# Just missing you



## GSD 82 (Mar 17, 2013)

Missing you my friend and all here can relate, living with the loss of a beloved pet


:help:


----------



## JeanKBBMMMAAN (May 11, 2005)

Beautiful. So sorry for your loss. I am with you.


----------



## RebelGSD (Mar 20, 2008)

Beautiful, very sad too. I am still missing the dogs I lost over the past 4 years, I think of them every day.


----------



## gsdlover91 (Jul 21, 2012)

Aw, very nice. Sorry for your loss. I am in the same boat as you, still missing my puppy Akira everyday.


----------



## Daisy&Lucky's Mom (Apr 24, 2011)

I miss my Daisy everyday. Your tribute is beautiful.


----------



## katdog5911 (Sep 24, 2011)

The time is always too short....


----------



## readaboutdogs (Jul 8, 2001)

I've been thinking about and missing my Cody too. He always loved the springtime.
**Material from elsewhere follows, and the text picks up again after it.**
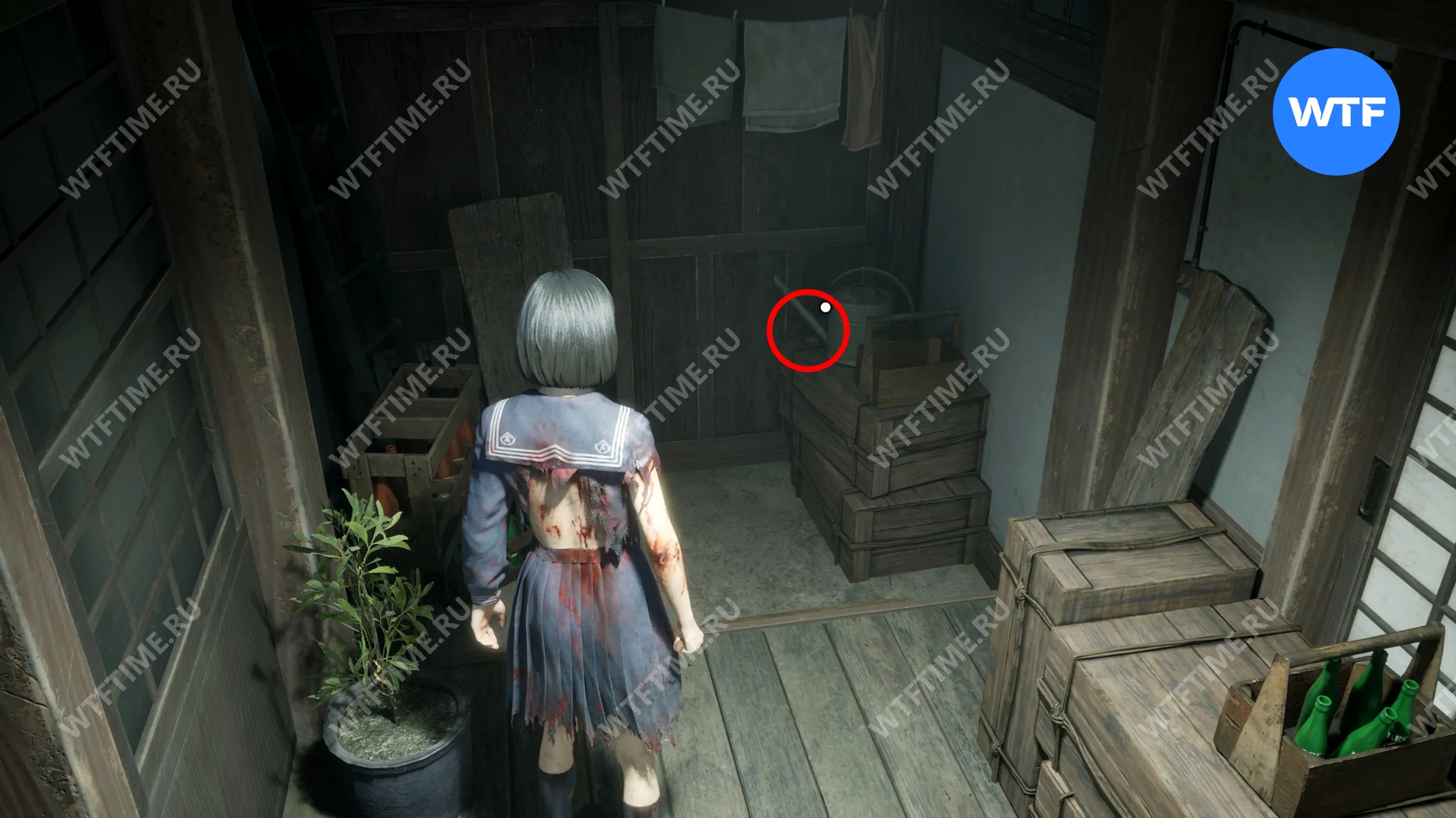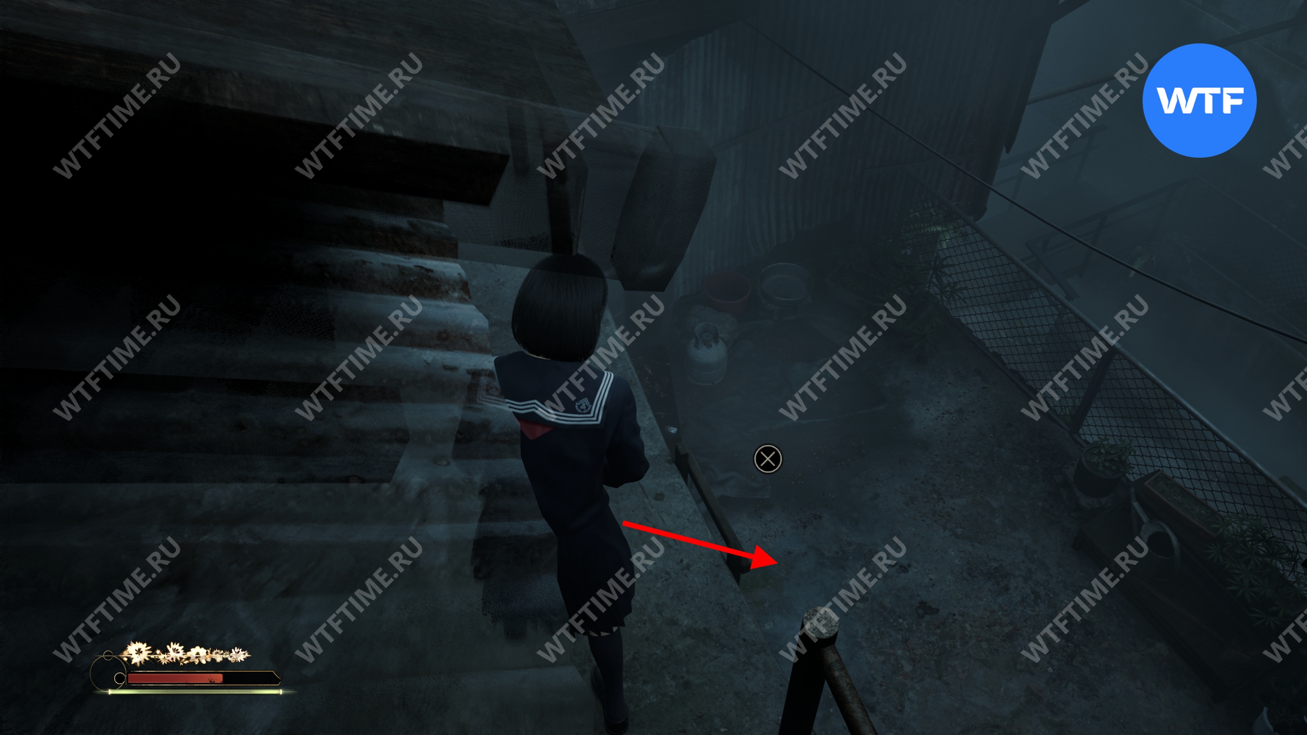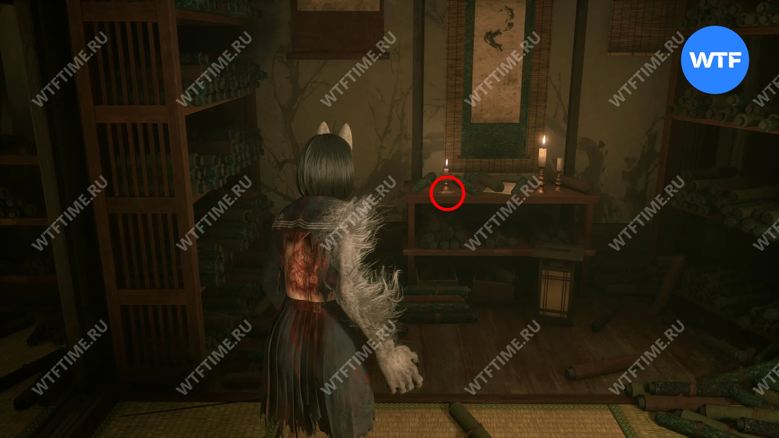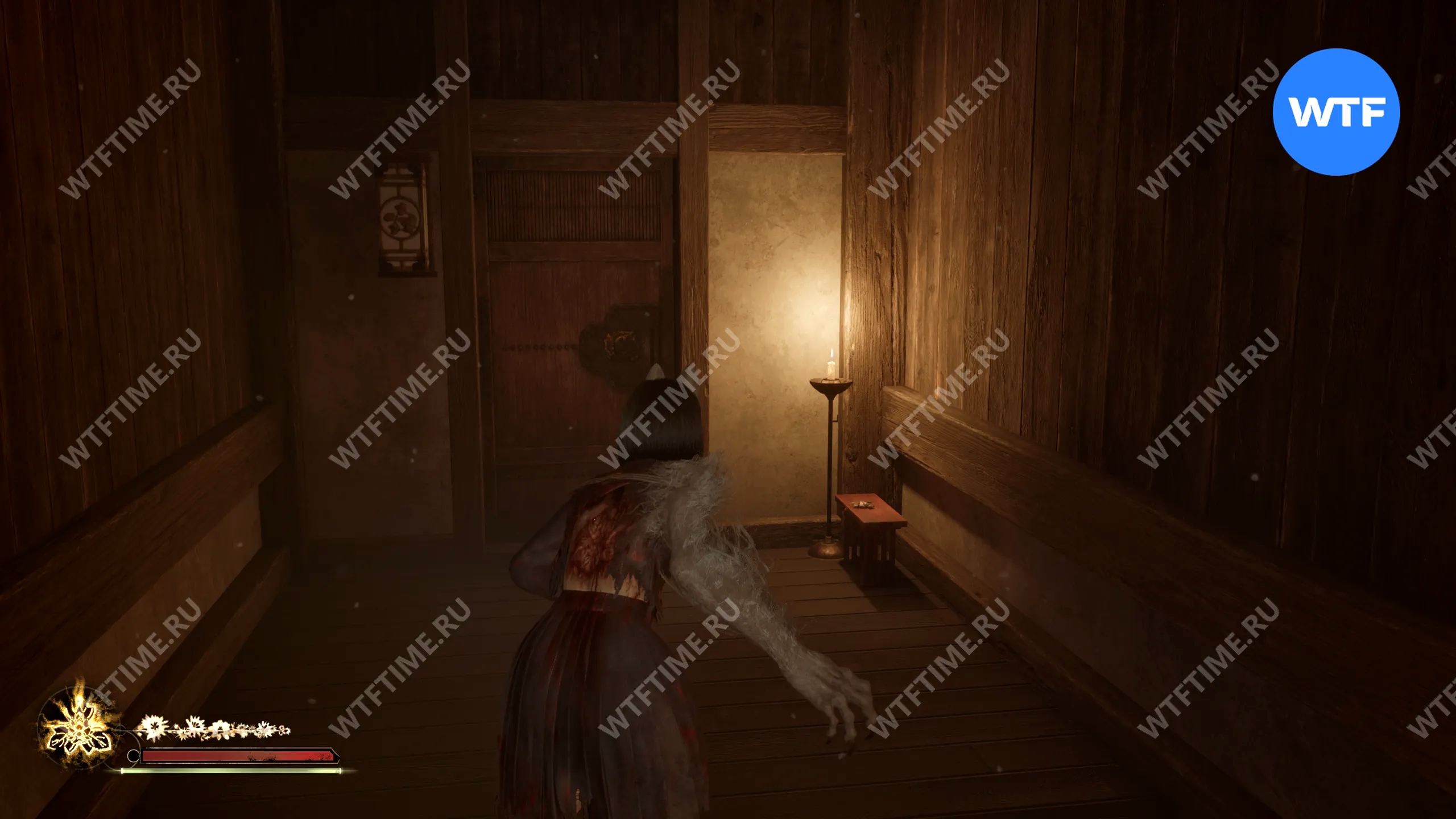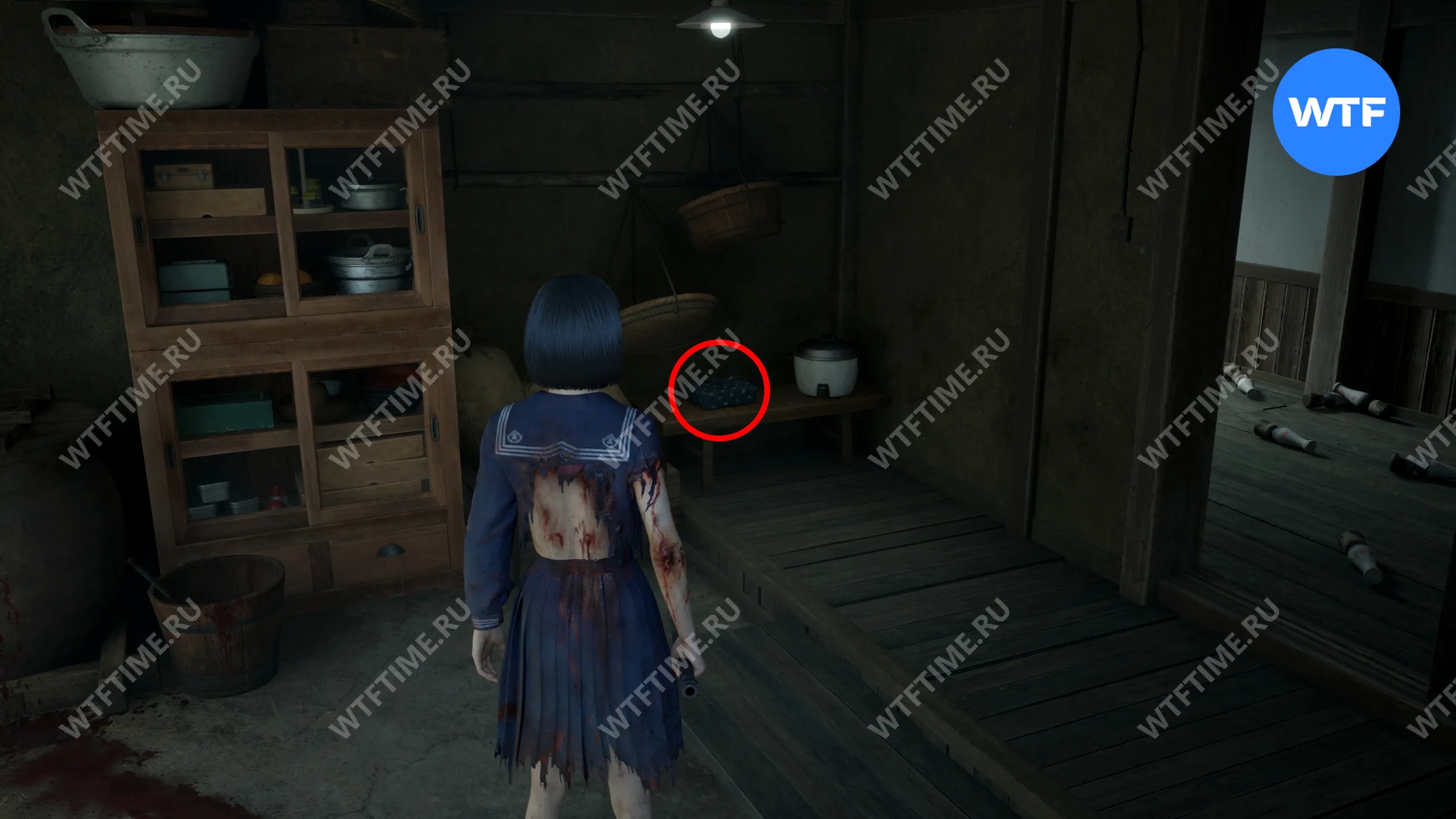Затем поднимитесь по лестнице до самого верха и идите в комнату со сломанным полом. На дальней стене здесь есть кровавая метка, показывающая, что ее можно убрать.

Can't believe he won't be with me any more.


----------



## Loneforce (Feb 12, 2012)

I am sorry for your loss  I know the feeling all to well...


----------



## sheps4life (Jan 14, 2012)

Hana,
Its 15 months on the 30th of March 2013 since you left, and I made a hole in one on #15 to win my match, on 3/13/013
The two hawks came out on the fairway the previous year on #17, THE 480 PAR PUTT, lol and Lucky can’t wait to see you again one day, she misses you 
Oh and how is FLASH? We put her box next to yours J until your aunt W. picks it up for Kel
So much more but you already know 
:} We miss you HANA<






POPS


----------



## sheps4life (Jan 14, 2012)

Lucky barks at cars nows


Hana

Forgive me for the timing my Nephew is turning 14 on March 30th and loved Hana so I may be busy the rest of the week so 

ROCK ON GSD AND PET owners


----------



## GSD 82 (Mar 17, 2013)

*A*

*Found this video a week after my GSD passed, had to search for the vid to find it again haven’t watched it in long time, it reminds of her*

*Happy Easter*


----------



## katieliz (Mar 29, 2007)

i don't know how we bear the loss. i have lived a long time and have lost many. i will lose my sera-girl soon...i expect the cashman will go not too very long after, he is only a year younger (10), and has never known life without her. they will be my last that i raise from their puppyhood. hard for me to even think about, but such is the circle of life. my sympathy and understanding to all who've experienced the loss of one or more of these magnificent creatures.

ohmygoodness, what a beautiful dog, that contessa. she certainly lived up to her name. bless all their hearts.


----------